Cooling pads are a good idea, it helps, but not all of them are effective, especially if you have separate fans which are not pointing on the appropriate places under the laptop (most are made for laptops without fans, so it doesn't really matter where it goes). I use a Notepal Infinite, it is quite nice because it's all the surface which is cooled down, not only precise points.

However, it helps only, as no cooling pad has the correct access to the heating place. At best you cool down the bottom, simply, so part of the heat is taken away, but that's all.

Cleaning the fans area helps, if you notice an increase in the temperature over the time. Dust easily gets into the heatsinks, and prevents correct cooling down.

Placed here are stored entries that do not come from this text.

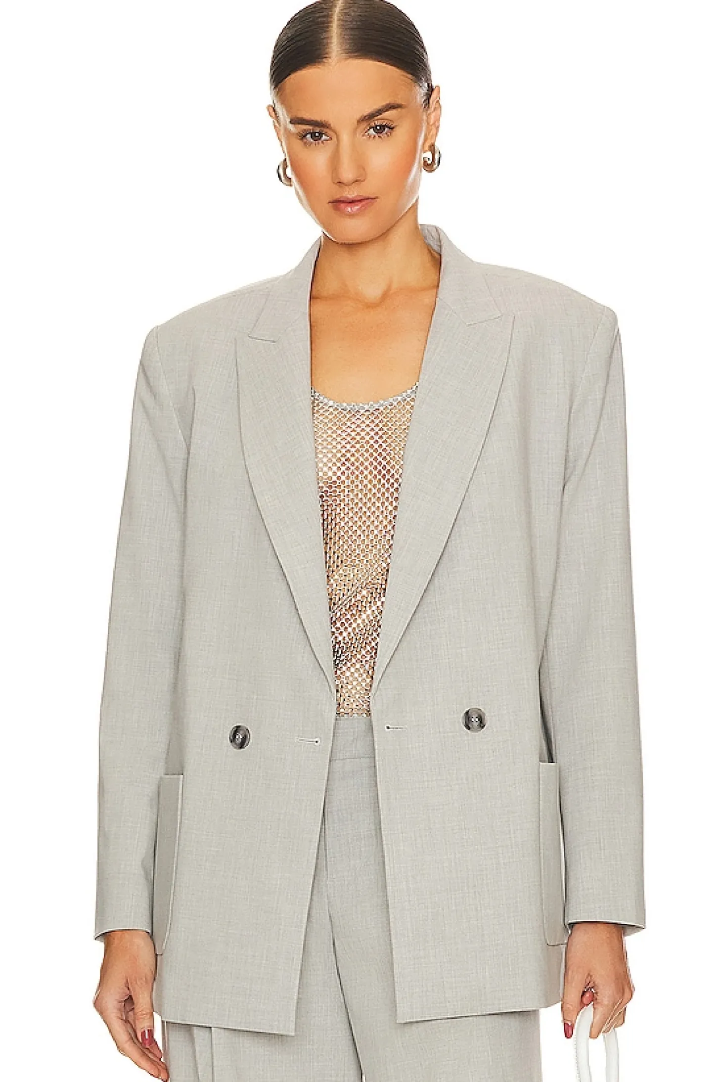 Self: 57% polyester 29% rayon 10% wool 4% spandex Lining: 55% polyester 45% viscose.Made in China.Dry clean only.Double breasted front button closure.Padded shoulders.Front slip pockets.Suiting fabric.Item not sold as a set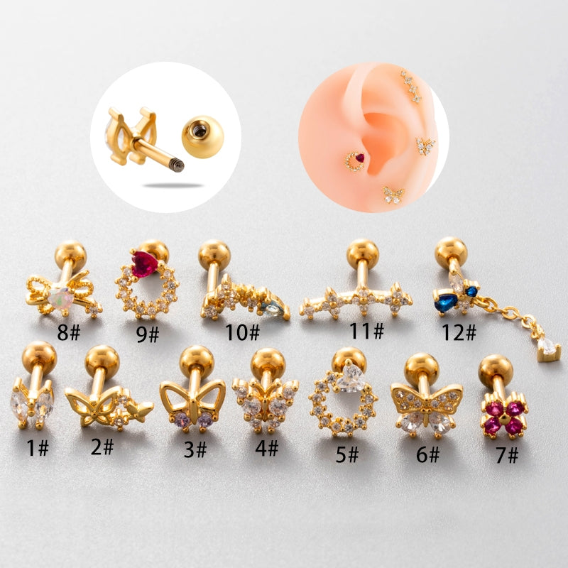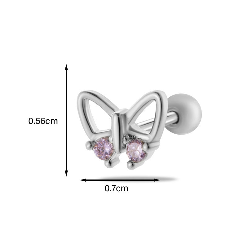 Heart & Butterfly Zircon Stainless Steel Cartilage Earrings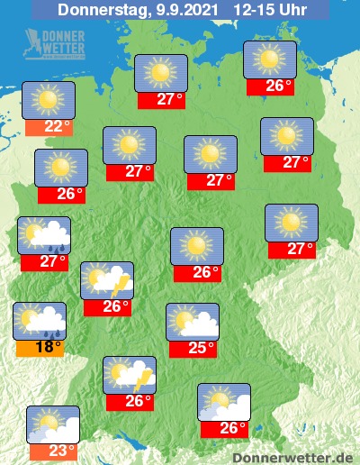 Heute Mittag und am frühen Nachmittag ist es über dem Norden und Osten der Republik noch häufig sonnig und es bleibt trocken. Im Süden und Westen sind bei wechselnder Bewölkung bereits einzelne Schauer und Gewitter möglich. Vereinzelte Starkregenfälle (>20 l/m² in kurzer Zeit) können nicht ausgeschlossen werden.

Besides, keep in mind that laptops are not really good at taking heat away for some graphical cards, compared to desktops (which is normal according to the thin shape). If it stays at max 85, then it should be ok. Graphical cards are resistant to heat, and have several safety mechanisms. If it goes too hot (I think mine starts that past 90 something), it will first force the GPU frequency to lower, like if you were on battery. If this is not enough and your card reaches dangerous levels, it will trigger an instant shutdown.

If you haven't experimented such safety measures, or graphical artifacts (which tend to happen on high temperature: black textures, disappearing polygons) yet, it means you were on a correct temperature, in my opinion.